What is most striking in the comparison of the Craig and Jenkins cases is that each man exhibited the same instincts upon being arrested, and they both also demonstrated a remarkable ability to compartmentalize, carrying on with their everyday lives after their arrests like nothing had happened.
In Jenkins’ case, that might have something to do with the fact that he’d been down the same road before. He had actually been arrested in the exact same men’s room under virtually identical circumstances in the 1950s. Then, too, he had quietly pleaded guilty and nonchalantly returned to his work and family life. Probably because he was then only an aide to the Senate Majority Leader—and not the President of the United States—his arrest escaped notice that time. It seems likely that between those arrests, Jenkins made other visits to the YMCA men’s room that didn’t attract the notice of law enforcement. By ’64, he was used to balancing—however perilously—his personal urges with the imperative of keeping up public appearances. When he was caught, he had little trouble focusing his attention on the best strategy to keep it quiet.

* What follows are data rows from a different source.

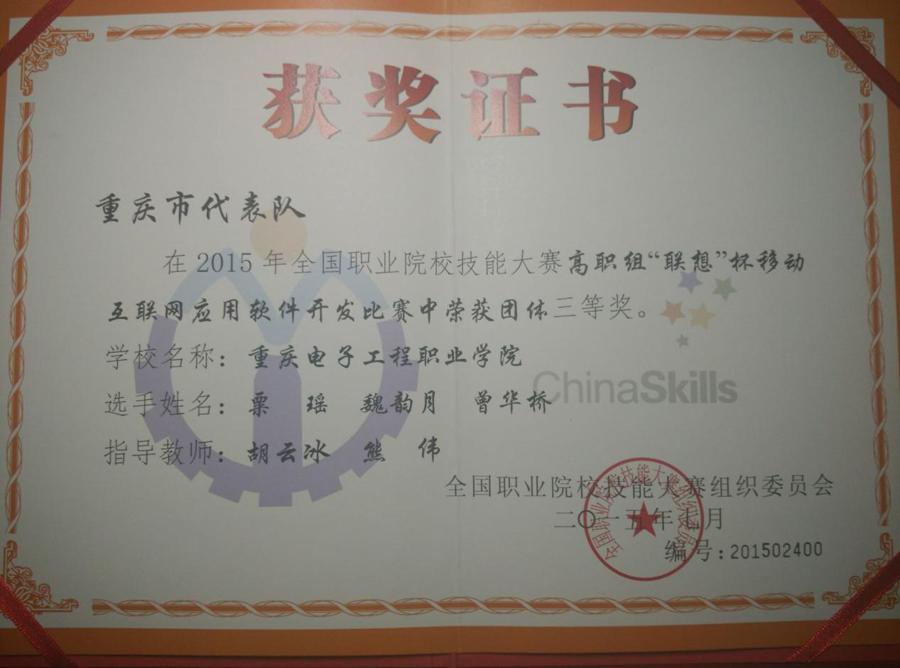 2015年全国职业院校技能大赛移动互联网应用软件开发三等奖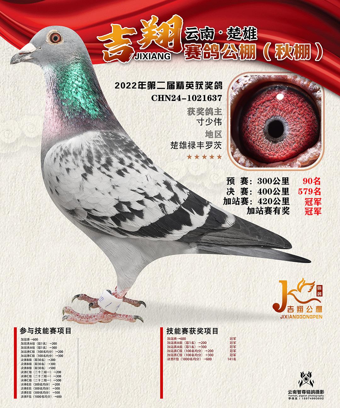 云南楚雄吉祥公棚(秋棚)2022年第二届加站赛获奖鸽照片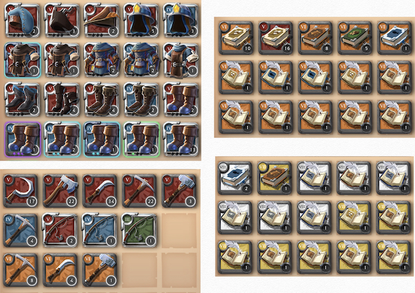 戰鬥裝備:通常學習點數強烈建議不要使用在戰鬥裝備上,因為戰鬥裝備可以從輕鬆殺怪與便宜的經驗書獲得,但是採集和製作提升的成本很高,並且採集和製作這是阿爾比恩穩定的賺錢方法,所以不想靠運氣刷寶等出貨賺錢的話,種田之外穩定賺錢的模式,就是有計畫地提升採集或製作的玩法。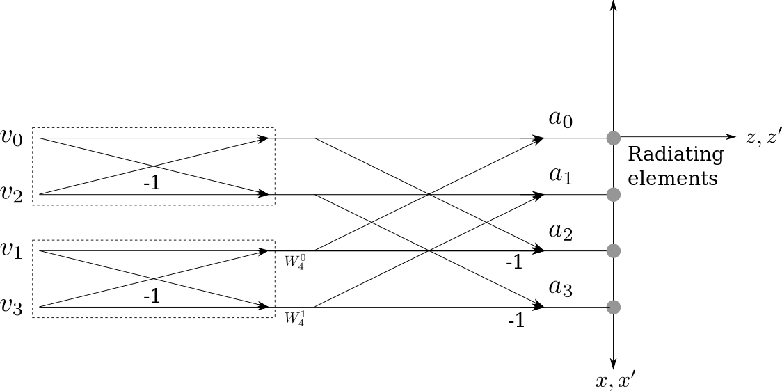 This displays a diagram of a beamforming system using FFT. It shows the process of radiating elements and their corresponding numbers, with each element labeled with its corresponding number. The diagram is divided into several sections, including one that reads "radiating elements" and another that reads "Q1 elements." This complex diagram illustrates the intricate workings of a beamforming system using FFT technology.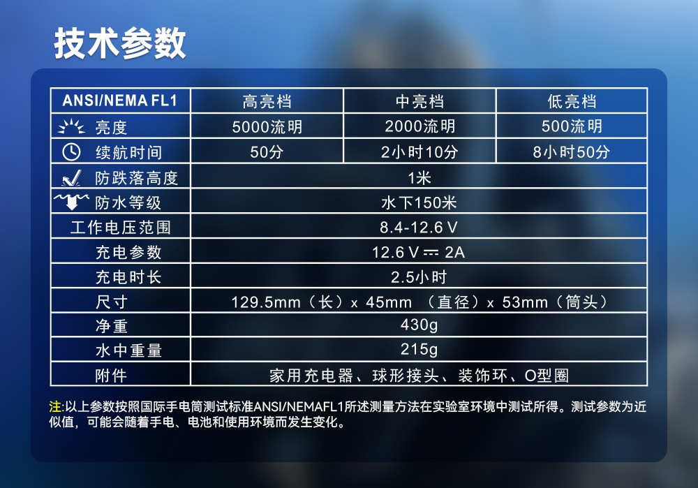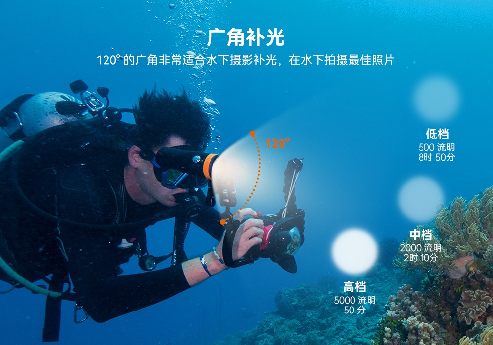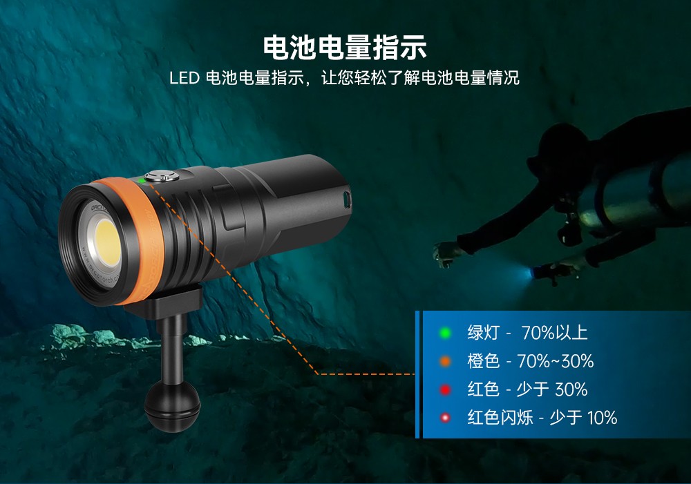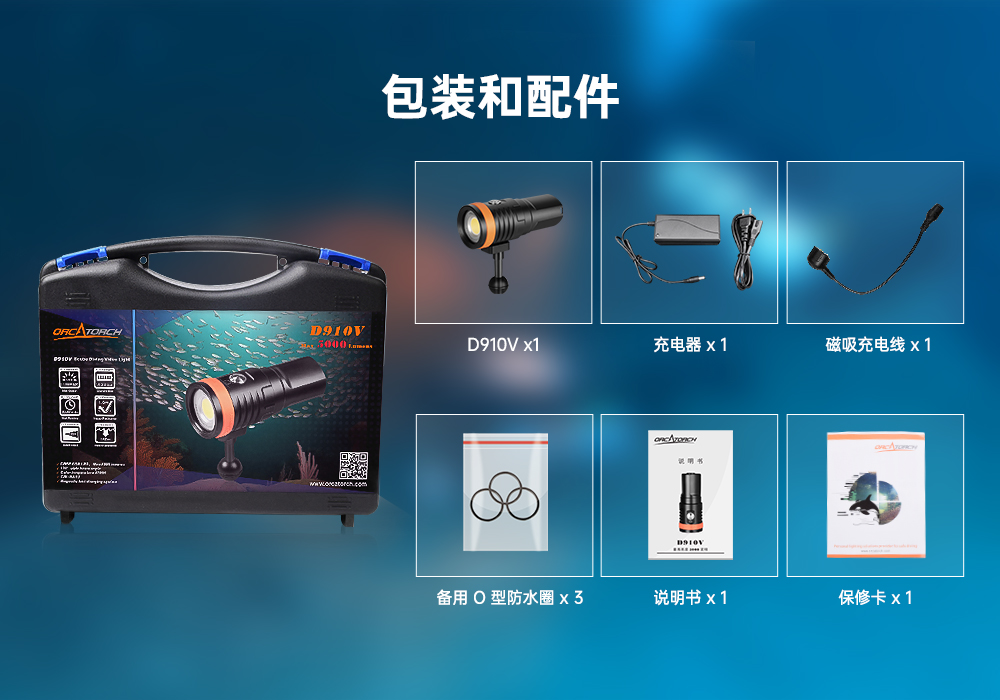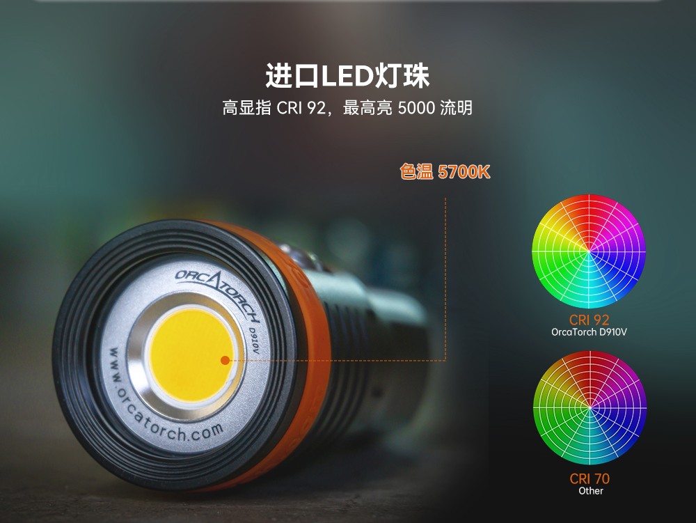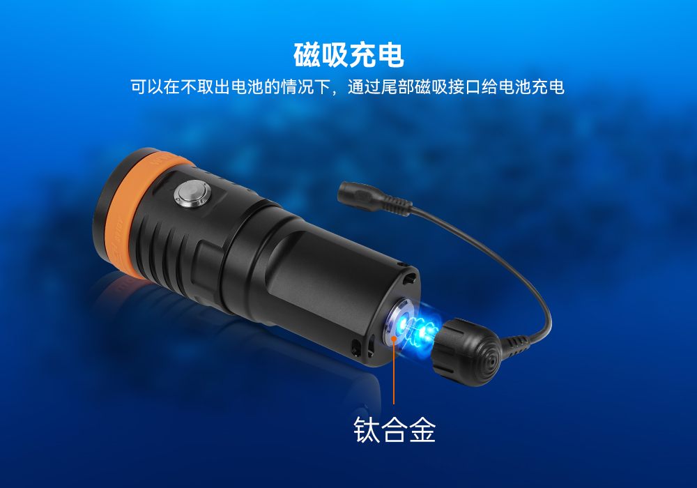 木瓜视频OrcaTorchD910V 采用進口LED燈珠,120°發光角度,發光均勻。它有3個亮度檔(dàng)位,最高亮5000流明,由鈦(tài)合金開關控製,操作簡單。行業首創磁吸式快充設(shè)計(jì),讓您無需取(qǔ)出電池即可充電。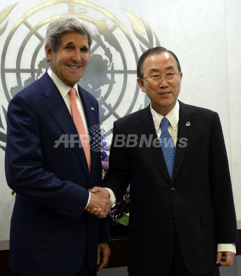 潘事務総長は、「これ(シリア内戦)に終止符を打たなければいけない。全当事者は軍事行動や暴力行為を停止すべきであり、ジュネーブ(Geneva)での平和会議をできるだけ早く開催することが不可欠だ」と発言。ジョン・ケリー(John Kerry)米国務長官と共に記者団に対し、28か月にわたり続くシリア内戦に対する軍事的な解決法は存在しないとの見解を表明した。(c)AFP

Mr. Craig may have a similar history. His home state’s paper found a 40-year-old man who swears he engaged in sexual activity with Mr. Craig in the Union Station men’s room three years ago. His familiarity with the unspoken language of men’s room trysts—at least according to the Minneapolis police report—certainly suggests that Mr. Craig is a veteran of such encounters. From this standpoint, Mr. Craig’s bottom-line calculation about the necessity of pleading guilty certainly makes sense—even as it flatly undercuts his contention that the restroom incident itself was a “he said/he said” misunderstanding. He didn’t “panic” and plead guilty—he made a sober-minded, and not entirely illogical, decision to do so.